# Saddened and Willing



## eyez.burg (Jul 10, 2008)

Hi everyone. Ok, my guy and I have been together as a couple for a year and have known each other for about 3 years before that. A couple of days ago he said that he was frustrated with me and he suggested either seperation or breaking up. He says that Im not responsible and that he feels I have no strong goals. He also says that my insecurity is an issue. 

My goal is to get my masters in nursing. He says that he has to push me to get me to get anywhere and that he's told me many times and he feels I have just not listened. Since our last talk about it, a few months ago, I'm getting my CNA and working at becoming better. He feels that I haven't done as much as I couldve. 

There is also the insecurity thing. I'll admit...I am insecure. I trust him but I guess Im just afraid even though I know he won't do anything. I'm working very hard at getting over that. 

He says he didn't want to seperate and he doesn't want to break up. He also said that he is confused and lost and needs to see if I'm really what he wants. However, just when I think of positive things he says, I also think of negative. He also said that without me he wouldn't have to worry so much about doing something and that he's never had to ask permission about going out. He has the same insecurity as me but it just seems that he handles them better. 

I dont want to see us end. I know I could do better. I cried that night and he came close. I thought we were fine before this but I guess I was very wrong. He said that he wants me to be the one he marries, has kids with, and spends the rest of his life with.

This seperation scares me alot.

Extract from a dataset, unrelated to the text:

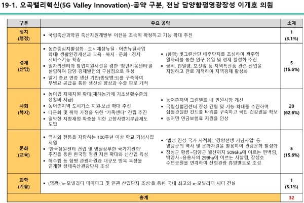 ▲ 전라남도 담양군·함평군·영광군·장성군 이개호 의원 공약(정치/경제/사회/문화/과학(기술)) [출처=국가정보전략연구소(iNIS)]

I have a certain amount of time before we talk again to see the road we're gonna go down. I have texted him and sometimes he's sweet and other times hes cold-shoulder-ish. I would like to give him his space, but it's really hard. I know I have to stay busy and not think about it. All of my friends talk only about my ex when Im around and my family is not close. He's the only one that I have to talk to and hang out with. 

They say that true love will get through anything and I agree with that. However it's hard to get through something like this and think positive. I can put a front on at work and at school but when Im alone or at night...I cant handle it. It's pure hell. The only thing I can do is hope and pray.


----------



## draconis (Oct 3, 2007)

True love is something you work through together. He doesn't see this as true love and he is questioning what he wants. There is no need to wait on him and let him explore while you wait and give him more options. 

Take care of yourself. Make yourself better through college, job and your hobbies. Take time and explore your freedom and see if he really is the one you want.

After all is said and done if the both of you end up together then maybe you can chalk it up to fate. 

draconis


----------



## 827Aug (Apr 27, 2008)

Hi eyez.burg!

Draconis has some good advice. My marriage of 22 years is coming to an end and I'm now where you are. My husband is treating me as your guy is treating you. We never even had these issues until 18 months ago. I would say give him some space and give it some time. For now, concentrate on what you need to do. It's a lot easier to solve this problem now rather than years down the road. Its really tough when you have a business, children,etc., and have your spouse change his mind about your relationship.

Take one day at a time!


----------